WHAT IS EXPECTED – Taking the line with "BIBS Colour GLOW" as the first and the line with "Auf der ganzen" as the last, set down the lines below exactly, pictures excluded.

INPUT FOR THIS TASK –
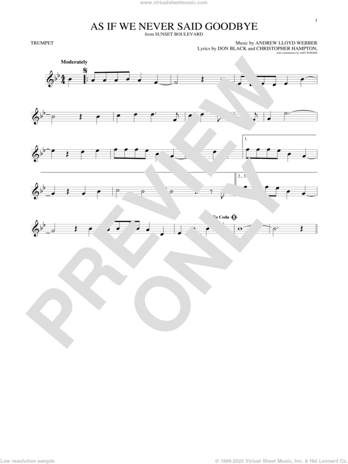 This new feature (still experimental) allows you to ask questions related to this music title to our AI music assistant (powered by OpenAI ChatGPT), trained to answer as an expert on this music title.You may ask questions like "When was this song written?" or "How would you suggest approaching this song?" You can also ask questions about the author or anything else you may think of. Just enter your queries inside the field on the top of the displayed music and click the "Ask" button on the left to start chatting. Remember that the assistant cannot perform catalog searches. It is focused only on this music title. It could also give you wrong or imperfect answers. In that case, click the "regenerate" button on the side of the answer to replace it with a new one. And, of course, you can provide feedback for each answer so we can improve the system. ![]() Andrew Lloyd Webber: As If We Never Said Goodbye (from Sunset Boulevard) for trumpet solo, intermediate trumpet sheet music. High-Quality and Interactive, transposable in any key, play along. Includes an High-Quality PDF file to download instantly. Licensed to Virtual Sheet Music® by Hal Leonard® publishing company. NOTE: The sample above is just the first page preview of this item. Buy this item to display, print, and play the complete music. Basic Score Info
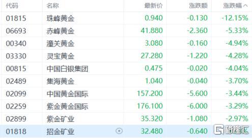 黄金股普跌,珠峰黄金跌超12%,赤峰黄金、潼关黄金、灵宝黄金、中国黄金国际、紫金黄金国际等下跌。
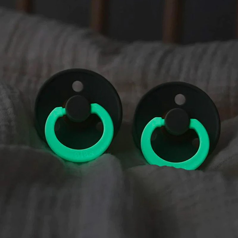 BIBS Colour GLOW has the same high quality as the original BIBS pacifiers but has a practical glow feature. The glow feature makes it easy for both parents and little ones to find the pacifiers in the dark and accommodates the frustration it can cause for parents to stand in the middle of the night - in total darkness - looking for the pacifier with a crying child. Simply hold the pacifier up to a lamp for 5-10 sec. to activate the effect. The luminescent effect lasts for 8+ hours.
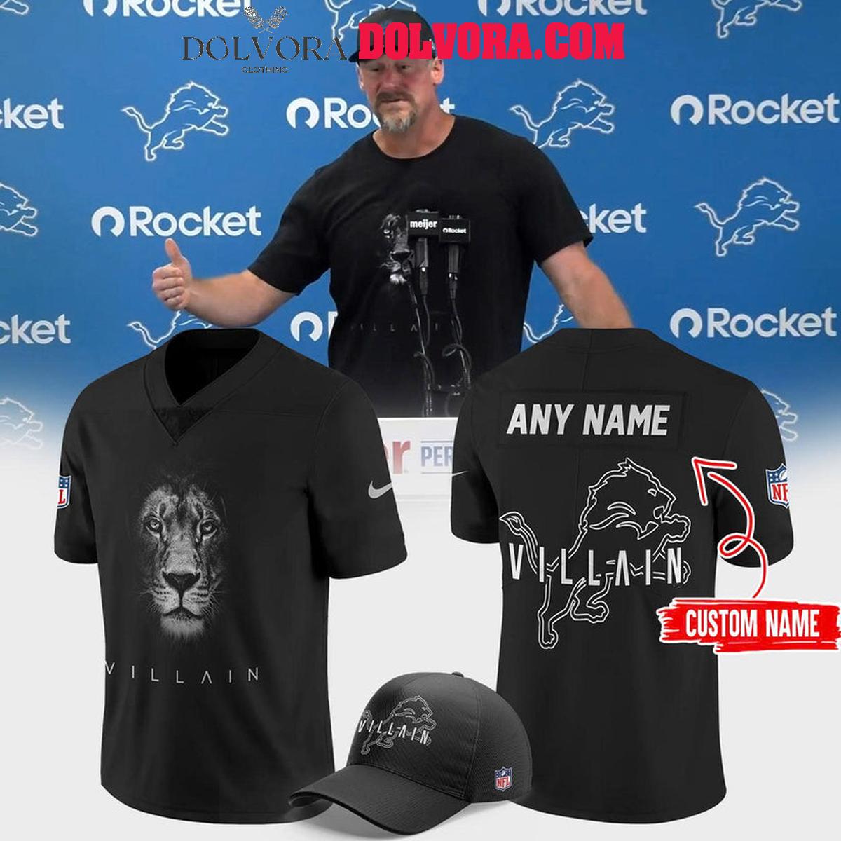 Featuring a sleek all-black design, this Detroit Lions Villain football jersey delivers a dark, intimidating aesthetic. The powerful lion graphic on the front represents strength and dominance, while clean typography and minimalist detailing give it a modern, street-inspired edge. The back highlights the Villain theme with custom name personalization, making the jersey both personal and unmistakably bold.
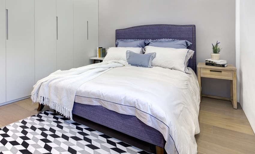 灰藍(lán)色織紋布料床 營(yíng)造適合睡眠的舒適視覺(jué)
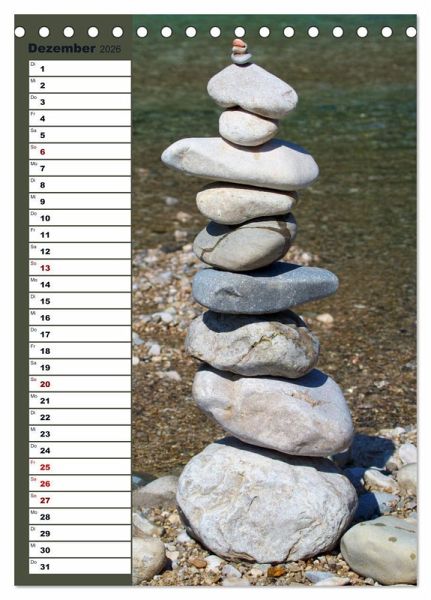 Auf der ganzen Welt kann man die hübsch anzusehenden Steinmännchen finden. In den Bergen dienen sie häufig zur Wegmarkierung, aber auch am Wasser oder an besonders schönen Orten legen die Menschen Steine aufeinander. Dieser Kalender zeigt 12 zauberhafte Steinmännchen jeder Größe an Fluss, See und Meer, welche die Verbundenheit und Dankbarkeit der Menschen zur Natur zum Ausdruck bringen.
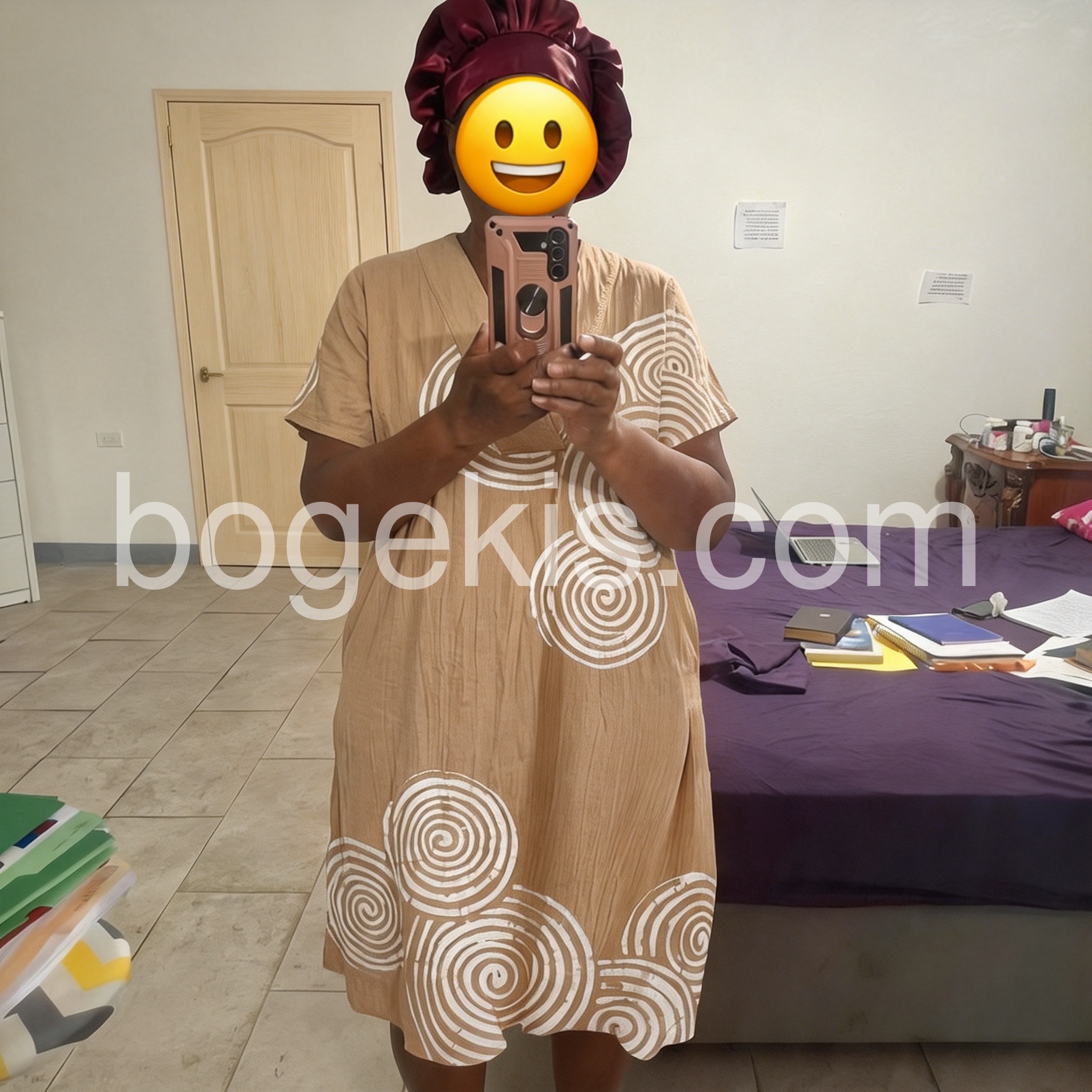 This midi dress combines contemporary design with timeless appeal. The rich brown hue provides versatility for various occasions, while the eye-catching spiral print adds visual interest and movement. Cut with short sleeves for warm-weather comfort, the midi length offers a sophisticated silhouette that flatters multiple body types. The structured fabric maintains its shape throughout the day, making it equally suitable for casual outings or elevated gatherings. A wardrobe essential that transitions seamlessly from day to evening wear.

RESULT –
 BIBS Colour GLOW has the same high quality as the original BIBS pacifiers but has a practical glow feature. The glow feature makes it easy for both parents and little ones to find the pacifiers in the dark and accommodates the frustration it can cause for parents to stand in the middle of the night - in total darkness - looking for the pacifier with a crying child. Simply hold the pacifier up to a lamp for 5-10 sec. to activate the effect. The luminescent effect lasts for 8+ hours.
 Featuring a sleek all-black design, this Detroit Lions Villain football jersey delivers a dark, intimidating aesthetic. The powerful lion graphic on the front represents strength and dominance, while clean typography and minimalist detailing give it a modern, street-inspired edge. The back highlights the Villain theme with custom name personalization, making the jersey both personal and unmistakably bold.
 灰藍(lán)色織紋布料床 營(yíng)造適合睡眠的舒適視覺(jué)
 Auf der ganzen Welt kann man die hübsch anzusehenden Steinmännchen finden. In den Bergen dienen sie häufig zur Wegmarkierung, aber auch am Wasser oder an besonders schönen Orten legen die Menschen Steine aufeinander. Dieser Kalender zeigt 12 zauberhafte Steinmännchen jeder Größe an Fluss, See und Meer, welche die Verbundenheit und Dankbarkeit der Menschen zur Natur zum Ausdruck bringen.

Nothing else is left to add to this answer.